Imagine if you were made to feel afraid, powerless or unsafe regularly enough that you planned for it, just in case. For example, by carrying your keys in one hand and phone in the other as you walk home, uncertain of who you might encounter. Sound familiar?
Violence occurs when someone is hurt or made to feel afraid, powerless or unsafe. It can be physical, emotional or psychological. Anyone can experience it and it happens across communities, ages, cultures and sexes.
No one is immune and it’s more likely to happen at home than in public.
While it’s true that most men are not violent, abusive or disrespectful, we have all seen and will know those who are. To stop violence against women, well-meaning men must do more than merely avoid perpetrating violence themselves.
If we do nothing, nothing will change.
We must pursue equitable and respectful relationships. We must challenge the violence of other men. We must demonstrate that being ‘a man’ means being someone who lives by the values of respect, inclusion and equality. Should we fail or refuse to do this, we will not be perpetrators but perpetuators who chose to let violence continue.
Changing attitudes and behaviour will take time but if we succeed it will be time well spent, and lives saved.
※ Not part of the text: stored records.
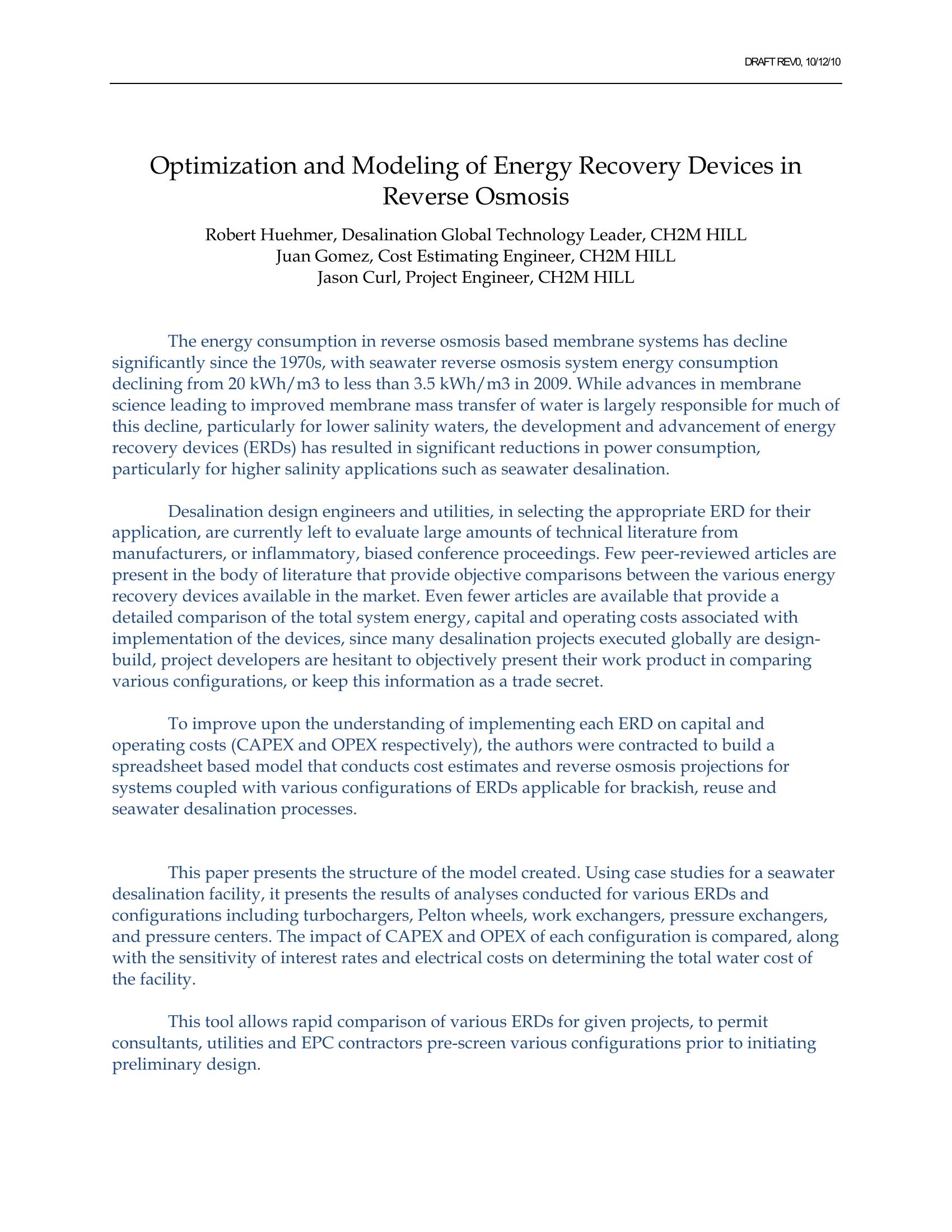 Optimization and Modeling of Energy Recovery Devices in Reverse Osmosis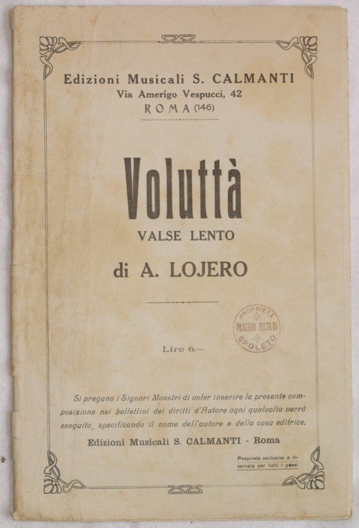 In 8. cm 26,5x18. pp. 7. Partitura completa per orchestra senza data ma degli anni '30 di una canzone. Caratteristica copertina decorata dell'epoca. Ex libris sulla copertina. Buone condizioni; usure e strappi al dorso; fioriture in copertina. A complete score for orchestra not dated but of 1930's. Carachteristic decorated cover of that period. Ex libris in the cover. Good conditions, worn spine with tears; brownings in the cover.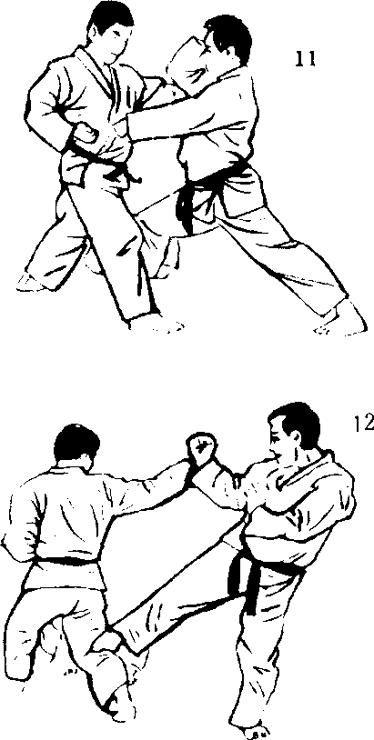 il 继续以左拉手朝对 方的心窝,使出中段正 拳突。 12 在对手反击的同时, 收回右脚躲开对方的突 技,並抬起右脚,对方 的姿势朝侧面时,朝对 方前脚右关节部位的侧 面,使出关节踢功(参 照三十六戶的16?19)。
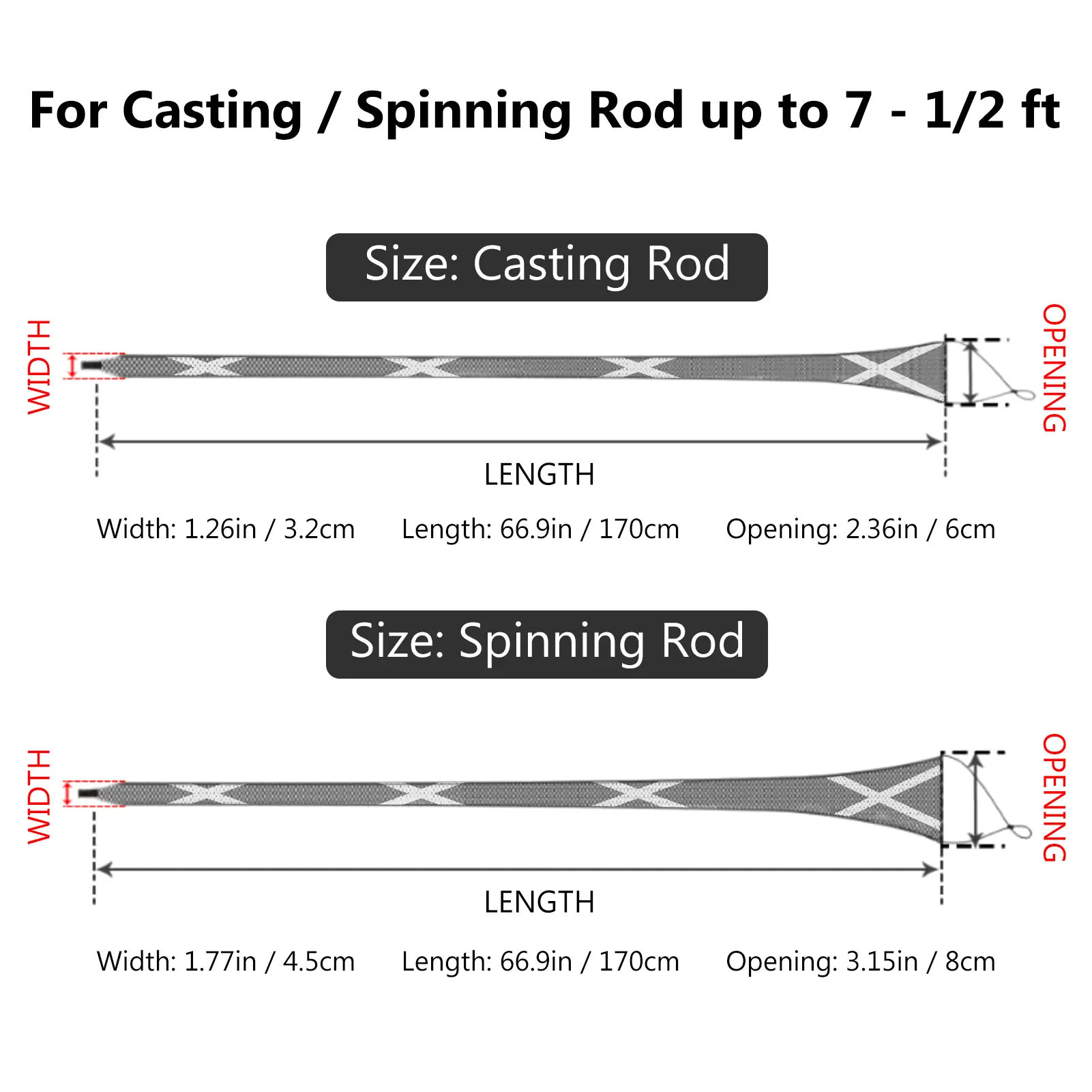 The rod sleeves are tightly woven and expandable, designed to store and protect fishing rods including fragile line guides and rod tips, they will also avoid fishing line from tangles and abrasions when baits are tied on

So, what small act can you do, starting right now, to make a difference? To begin with, do what most of us have done all our life: love, respect and protect women. If you can do that, then try to do the following:
Of the facts. Know the facts about violence against women.
Of yourself. Have the confidence to explore your own actions, beliefs, and opinions, confront your faults and make a plan to improve.
Of victim-blaming. Learn what it is and how to recognise it. Tell others.
When it matters. Call out bad behaviour and safely challenge others who overstep the line.
Talk with women and girls…
About their experiences. Be willing to listen and learn.
About your own behaviour. You may not see the impact that your words and deeds are having.
Talk with men and boys…
About the problem. Learn how the issue touches their lives.
About how to respond. Empower them to call it out.
Early, and often. Mentor and teach one another about how to be men in ways that don’t involve degrading or abusing girls and women.
If you question what impact any of the above actions can have, give one of them a try today and see for yourself. I did, and the response indicated that I still have work to do. When it comes to tackling such a big problem, we all have work to do.
Everybody has their own way of understanding, coping with, and responding to tragedy. But you have a choice. You can remain in the silent majority of men who disapprove of violence but do little to prevent it. Or, you can stand up, speak out and act to help all Australians live a better life.